Please set down the data word for word; images do not go in the copy.

----

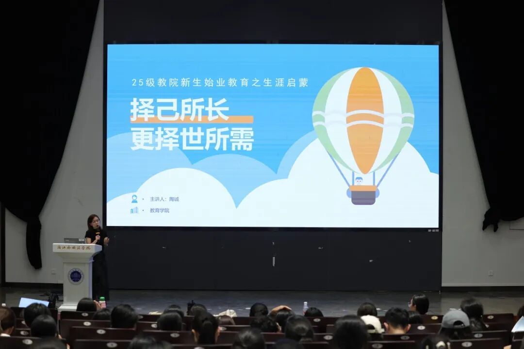 近日,教育学院面向2025级全体新生开展“适应·启航”生涯规划始业教育专题讲座。学工办主任陶诚老师聚焦“大学适应”与“生涯启航”两大核心主题,为新生们铺开大学生涯的成长蓝图。
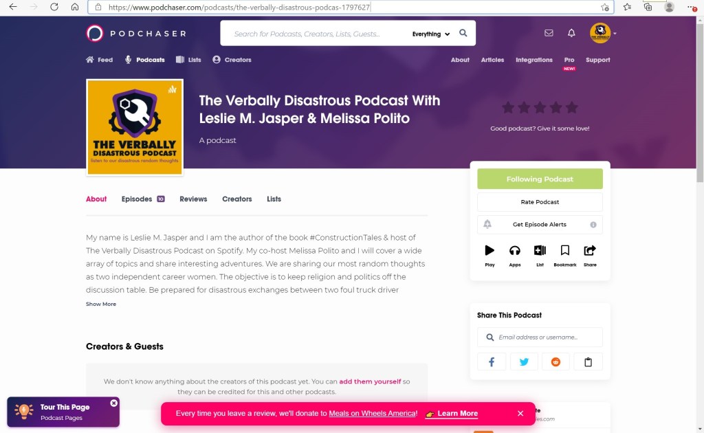 I also created a brand new author profile and launched the Verbally Disastrous podcast on Podchaser. I still have to add the Audio Blog to the Podchaser platform as well. I have seen the platform logo before but I couldn’t place it. I am not sure who uses this platform. I am trying to be on as many as possible. Here is the link to what I have worked on so far:
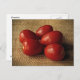 Diese köstliche Postkarte zeigt ein Stillleben Foto von 5 reifen, saftigen, roten Tomaten, die mit großem Geschmack bersten. Sie sind auf einer goldbraunen Strohmatte eingerichtet.
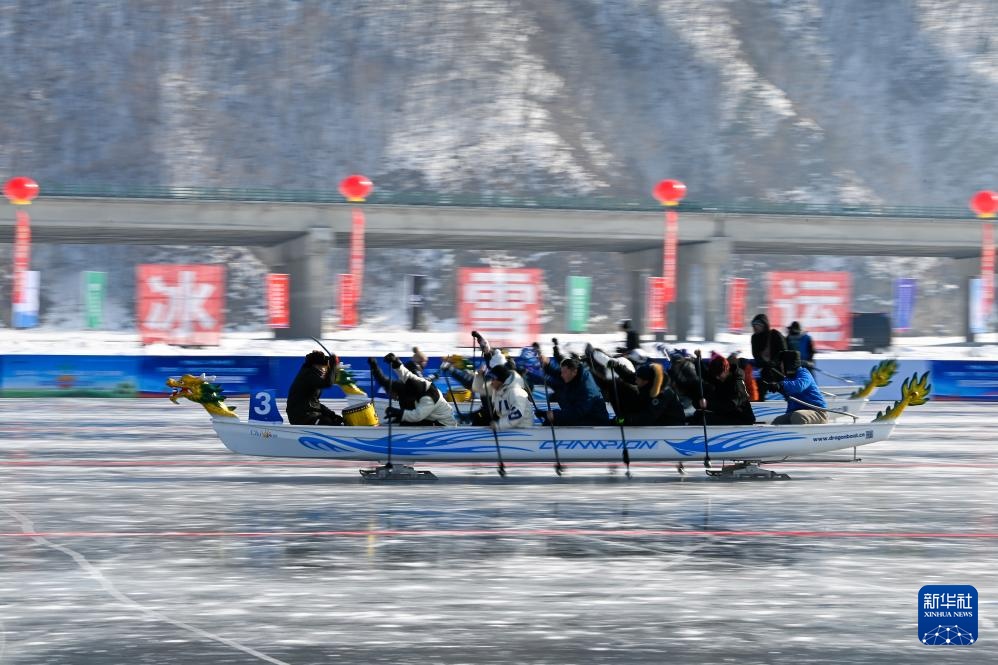 1月30日,参赛者在冰上龙舟超级联赛中。新华社记者 颜麟蕴 摄
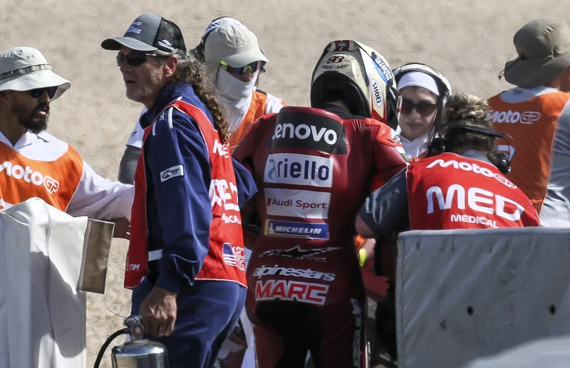 Márquez chegou a demorar alguns instantes para se levantar, o que gerou preocupação imediata no paddock. Ainda assim, conseguiu sair por conta própria e retornou diretamente aos boxes da Ducati, sem passar inicialmente pelo centro médico.

----

*The completed task*.
 近日,教育学院面向2025级全体新生开展“适应·启航”生涯规划始业教育专题讲座。学工办主任陶诚老师聚焦“大学适应”与“生涯启航”两大核心主题,为新生们铺开大学生涯的成长蓝图。
 I also created a brand new author profile and launched the Verbally Disastrous podcast on Podchaser. I still have to add the Audio Blog to the Podchaser platform as well. I have seen the platform logo before but I couldn’t place it. I am not sure who uses this platform. I am trying to be on as many as possible. Here is the link to what I have worked on so far:
 Diese köstliche Postkarte zeigt ein Stillleben Foto von 5 reifen, saftigen, roten Tomaten, die mit großem Geschmack bersten. Sie sind auf einer goldbraunen Strohmatte eingerichtet.
 1月30日,参赛者在冰上龙舟超级联赛中。新华社记者 颜麟蕴 摄
 Márquez chegou a demorar alguns instantes para se levantar, o que gerou preocupação imediata no paddock. Ainda assim, conseguiu sair por conta própria e retornou diretamente aos boxes da Ducati, sem passar inicialmente pelo centro médico.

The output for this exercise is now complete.